The Order of Things Essay Questions

Essay Questions

  1. 1

    Expound the import of resemblance in the 'Western culture.'

    Foucault explains, “Up to the end of the sixteenth century, resemblance played a constructive role in the knowledge of Western culture. It was resemblance that largely guided exegesis and the interpretation of texts; it was resemblance that organized the play of symbols, made possible knowledge of things visible and invisible, and controlled the art of representing them.” Resemblance advanced the expansion of symbolism; similar symbols are utilized in expounding various concepts. Symbolism is a major attribute in art; hence, it invites audiences to find meanings of different works by looking at the manifest symbols that are used in constructing the artworks.

  2. 2

    How does analogy contribute to “The Prose of the World”?

    Foucault elucidates, “An old concept already familiar to Greek science and medieval thought, but one whose use has probably become different now. In this analogy, convenientia and aemulatio are superimposed. Like the latter, it makes possible the marvellous confrontation of resemblances across space; but it also speaks, like the former, of adjacencies, of bonds and joints.” Analogy is utilized in facilitating convenience and emulations in the universe. Identifying resemblances between various realities results in an impeccable order in the universe that discerns cause-effect connections that are useful in streamlining the universe. Using analogy to compare realties underscores the inherent similarities among concepts which may be deemed dissimilar.

  3. 3

    Deconstruct Crollius’s explanation of stars and plants.

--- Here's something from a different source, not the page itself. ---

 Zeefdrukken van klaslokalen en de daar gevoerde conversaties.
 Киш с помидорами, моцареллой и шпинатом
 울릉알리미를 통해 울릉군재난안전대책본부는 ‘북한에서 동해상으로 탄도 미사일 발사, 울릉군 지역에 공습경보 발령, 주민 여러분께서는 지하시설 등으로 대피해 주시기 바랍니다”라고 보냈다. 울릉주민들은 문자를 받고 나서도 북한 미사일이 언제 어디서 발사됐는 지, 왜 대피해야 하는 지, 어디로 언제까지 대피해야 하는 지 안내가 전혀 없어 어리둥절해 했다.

    Crollius expounds, “The stars are the matrix of all the plants and every star in the sky is only the spiritual prefiguration of a plant, such that it represents that plant, and just as each herb or plant is a terrestrial star looking up at the sky, so also each star is a celestial plant in spiritual form, which differs from the terrestrial plants in matter alone." According to Crollius' the star emulates land by harboring numerous stars that correspond to the individual plants thriving on the land. The emulation results in a continuous sequence from the universe to the sky. The emulation indicates that land and sky are not different. The sky photocopies land and vice versa.